Hu Yong explique que la réglementation est purement administrative et ne résulte pas d’un processus législatif. En outre, elle a été élaborée sans transparence. Le professeur met en avant les limites de cette approche administrative qui ne permet pas, selon lui, d’établir un cadre normatif cohérent et clair. En effet, les différents médias, de l’Internet et les médias traditionnels, étant régis par des administrations différentes, obéissent à des réglementations distinctes[13]. Ainsi, en fonction de la source de sa publication, un même contenu pourra relever de plusieurs administrations de contrôle. La difficulté, comme le note l’auteur, est renforcée par la création permanente de nouveaux médias qui n’entrent pas clairement dans les catégories classiques, et dont le cadre juridique est totalement incertain.

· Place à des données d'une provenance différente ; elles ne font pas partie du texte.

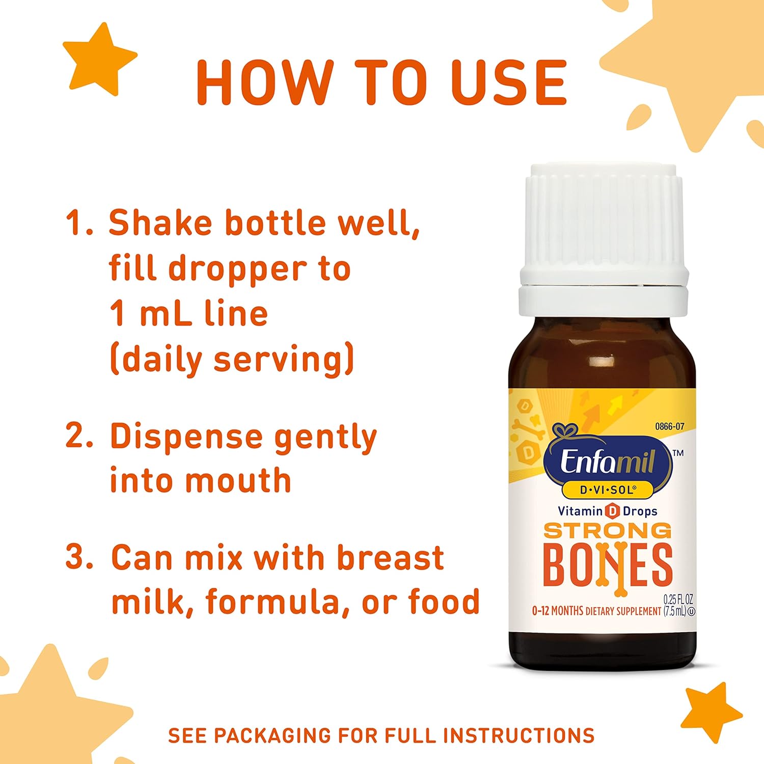 When transitioning your baby to solid foods, Enfamil Poly-Vi-Sol (available with or without iron) helps make sure your little one is still getting the vitamins they need to support healthy growth, like vitamins A, C, D, E, and some B vitamins. Enfamil vitamins can be easily given by dispensing directly into the mouth or mixed with breast milk, formula, juice, cereal or other foods to increase acceptance. All Enfamil Pediatric Vitamins are gluten-free and have no artificial colors or artificial flavors. This statement has not been evaluated by the Food and Drug Administration. This product is not intended to diagnose, treat, cure or prevent any disease.

L’engagement de principe : les sept lignes de bases

La lettre d’engagement de principe publiée par le SIIO reprend les différents éléments limitant la liberté d’expression sur Internet.

Les sociétés publiant ou gérant des commentaires sur l’Internet doivent respecter « les sept lignes de base » (七条底线, qi tiao dixian) formulées lors de la réunion du SIIO du 20 août 2013 : la loi, le socialisme, les intérêts légitimes des citoyens, l’ordre public, la moralité, la véracité de l’information, les intérêts de l’État, et « les neufs interdits » (九不准, jiu bu zhun)[14] qui sont les neufs sujets prohibés de manière générale dans les médias. Il leur incombera donc de traquer, en conformité avec la loi et sous le contrôle du SIIO, les violations à ces principes. L’objectif est « de bien administrer les sites Internet en application du droit afin de bien raconter les histoires en Chine »[15] (依法办好网站,讲好中国故事, Yifa ban hao wangzhan, jiang hao zhonghuo gushi).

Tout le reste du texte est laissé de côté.